This garlic is a very good idea for you. This shall keep the bats away from your belfry and perhaps you will stop calling people brats. 

I hope you have had a wonderful day! You do certainly deserve so much good things. 

Your brat,
~Cat


----------



## Somebunny

Errrrrch!!!! Just me sliding in here to wish you happy birthday a little late,  hope you had a great day!


----------



## Cooking Goddess

pacanis said:


> Happy Birthday!
> I'll be celebrating another birthday today, too. My father turns 90.



You're Dad's 90, pac?  That's great!  Hope he had a wonderful birthday - in no small part due to you, I would think.


----------



## PrincessFiona60

CatPat said:


> This garlic is a very good idea for you. This shall keep the bats away from your belfry and perhaps you will stop calling people brats.
> 
> I hope you have had a wonderful day! You do certainly deserve so much good things.
> 
> Your brat,
> ~Cat



I was thinking it would keep any Romanian Counts away...

I had a very good day, thanks, Cat! 

Love,
P.Fiona


----------



## PrincessFiona60

Somebunny said:


> Errrrrch!!!! Just me sliding in here to wish you happy birthday a little late,  hope you had a great day!
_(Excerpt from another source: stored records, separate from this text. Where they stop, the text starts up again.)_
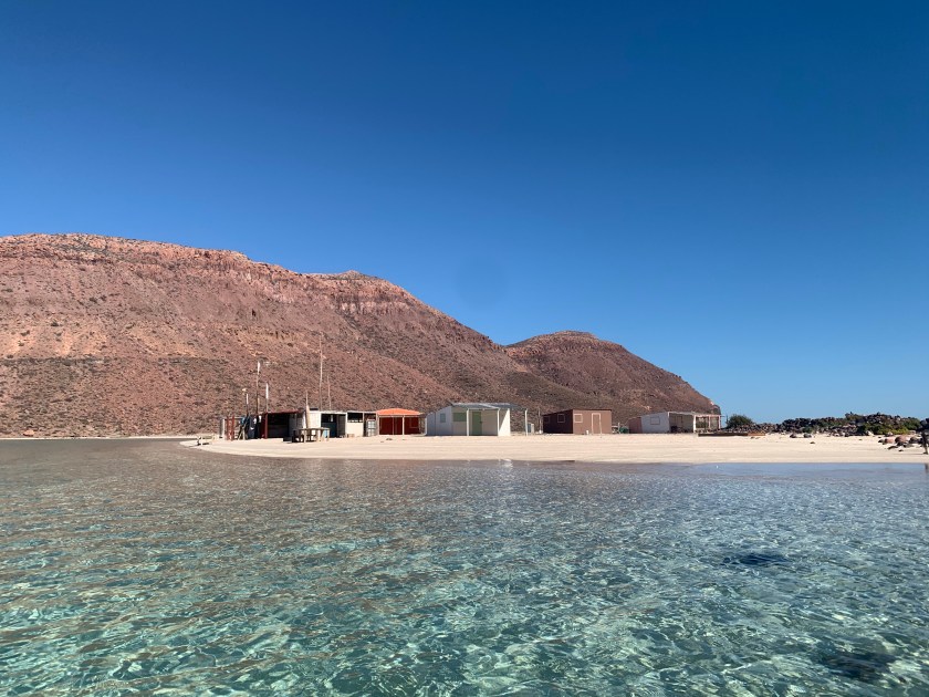 Striking rust brown sandstone hills rise steeply around the north and south sides of this ancient caldera which has subsided back into the sea. A white sand beach protrudes from Isla Partida to form the eastern part of the circle. A complementary rocky protrusion from Isla Espiritu Santo housing the park ranger’s cabin pairs with the slip of land from Partida to form a channel between the two islands. To the west, the bay opens to the Sea of Cortez with a view of the mainland Baha ridges in the distance.
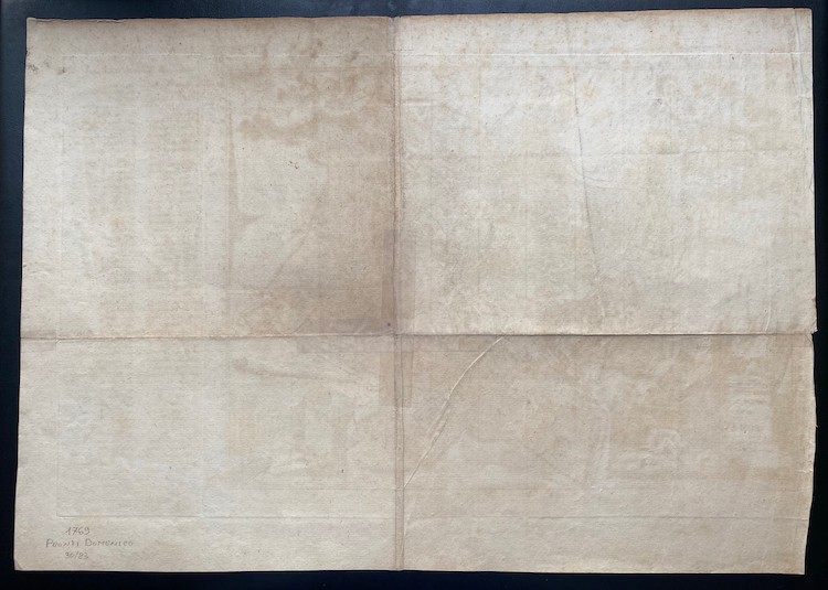 Bella impressione su carta vergata. Un piega verticale e una orizzontale. Usure lungo le pieghe. Leggera fioritura. Margine sinistro mancante (anche una millimetrica mancanza della parte impressa della lastra in basso a sinistra).
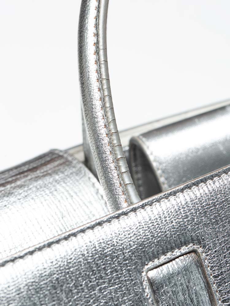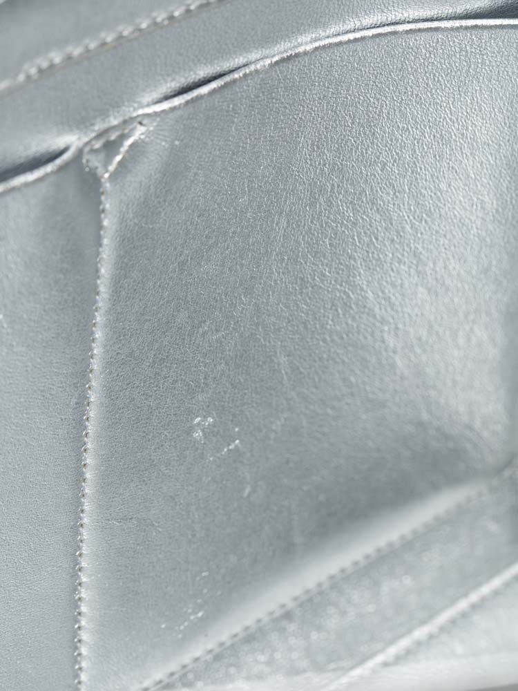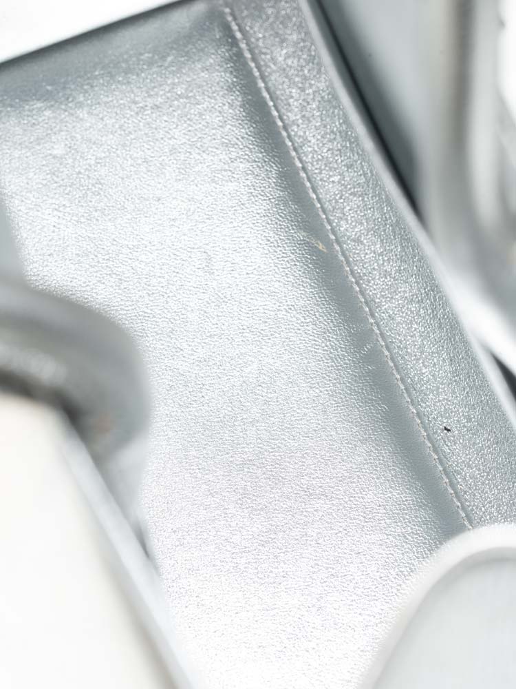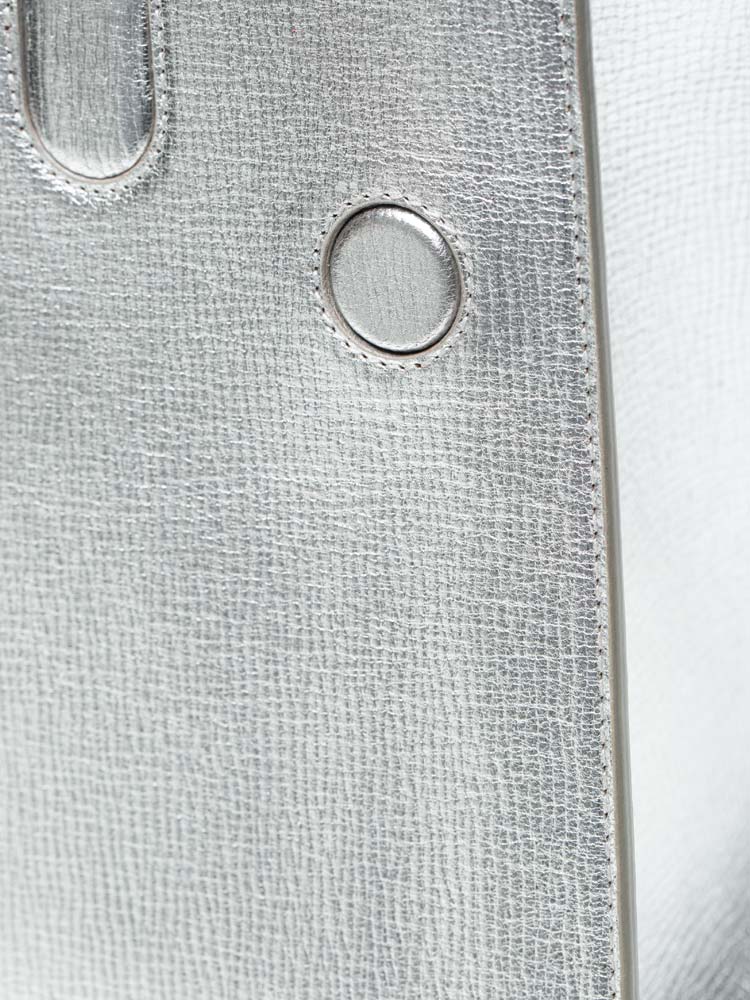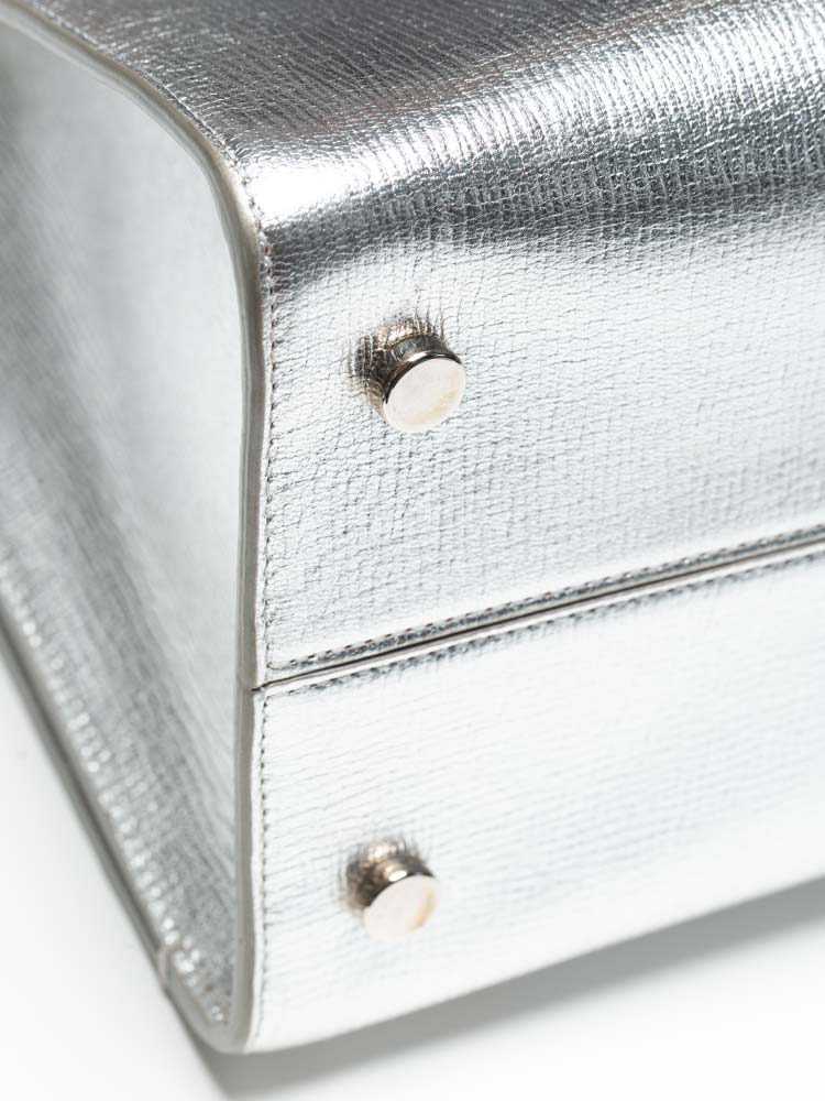 This handbag is composed of crushed calfskin leather in metallic silver. This handbag features silver rolled leather top handles, a shoulder strap and silver hardware. The facing flap opens with a textured press lock to a metallic calfskin interior.

It was great SomeBunny!  How was the GD's Birthday?

Thank you!


----------



## CatPat

PrincessFiona60 said:


> I was thinking it would keep any Romanian Counts away...
> 
> I had a very good day, thanks, Cat!
> 
> Love,
> P.Fiona



Racist!! 

I am joking, Princess.

Love,
~Cat


----------



## PrincessFiona60

CatPat said:


> Racist!!
> 
> I am joking, Princess.
> 
> Love,
> ~Cat



I just don't want them drinking my blood...


----------



## Cheryl J

Whiskadoodle said:


> A tiara on your cake and a few purple jewels. Happy birthday.



I love that cake!


----------



## CatPat

PrincessFiona60 said:


> I just don't want them drinking my blood...



What is wrong of that? Vampires become thirsty also. You are just selfish and you do not want to share of your blood.



I am joking! I do care for you and your family and your life.

With love,
~Cat


----------



## PrincessFiona60

CatPat said:


> What is wrong of that? Vampires become thirsty also. You are just selfish and you do not want to share of your blood.
> 
> 
> 
> I am joking! I do care for you and your family and your life.
> 
> With love,
> ~Cat



Just what we need, a Vampire Ogre.  You don't think I cause enough problems on my own?

Hugs,
P.Fiona


----------



## CatPat

PrincessFiona60 said:


> Just what we need, a Vampire Ogre.  You don't think I cause enough problems on my own?
> 
> Hugs,
> P.Fiona



No, it is Vampire Ogress. There is a difference. You can cause many more of problems by being of this. We all shall not allow you for any problems caused by your former condition of Ogress. Now that you will possibly be a Vampire Ogress, please review the rules of this website and understand that you can not bug us after the dawn and before the sunset.

 Many hugs for you,
~Cat


----------



## PrincessFiona60

Aw, darn...

I was hope for a rampage through DC at all hours


----------